Yen To Dollar - Daily Candle Chart 10th February 2009

Yen To Dollar - Daily Candle Chart 10th February 2009

Yesterday’s candle hardly provided a ringing endorsement to the breakout of last week, with a ‘dark cloud over’ pattern appearing, on the daily chart. The dark cloud over consists of two candles, an up bar as we saw on Friday, followed by a down bar yesterday, but one which initially opened higher, which gives it the impression of hanging over the first candle like a cloud. The most important aspect of the signal is the depth of the closing price on the down candle within the body of the up bar, which in this case is significant. The rationale behind the pattern is easily explained. In the first session ( on Friday ) the market is moving up with a wide spread up bar, which is followed by a gapped up opening on Monday with the bulls in complete control. At this stage the technical picture changes and prices fall, well below the open and deep into the long positions of Friday. At this stage those long the market become concerned and close out positions, whilst those looking for short positions see an opportunity to benefit from the reversal. As the name suggests, we now have a black cloud hanging over us! You have been warned, so expect a move lower today.

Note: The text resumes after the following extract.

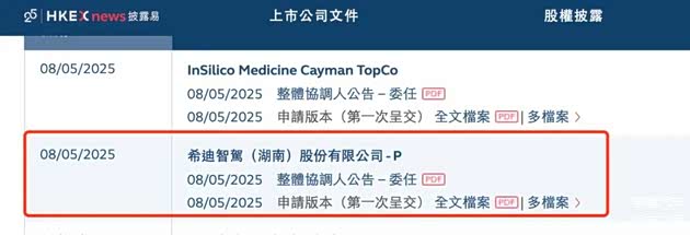 根据港交所5月8日披露,希迪智驾科技股份有限公司(以下简称“希迪智驾”)向港交所主板递交上市申请,中金公司、中信建投国际、中国平安资本(香港)为联席保荐人。该公司曾于2024年11月7日向港交所递表。

Whether this is a temporary fall, or the breakout was a false one only time will tell, but based on the signal, if you are happy to trade on the strength of it, I would suggest small short positions for today on an intra day or scalping basis, with any major market move coming this evening once Ben Bernanke starts his speech in Washington – more details are available on the euro to dollar site.

The short term outlook is bearish, the medium term is sideways and the long term is bullish.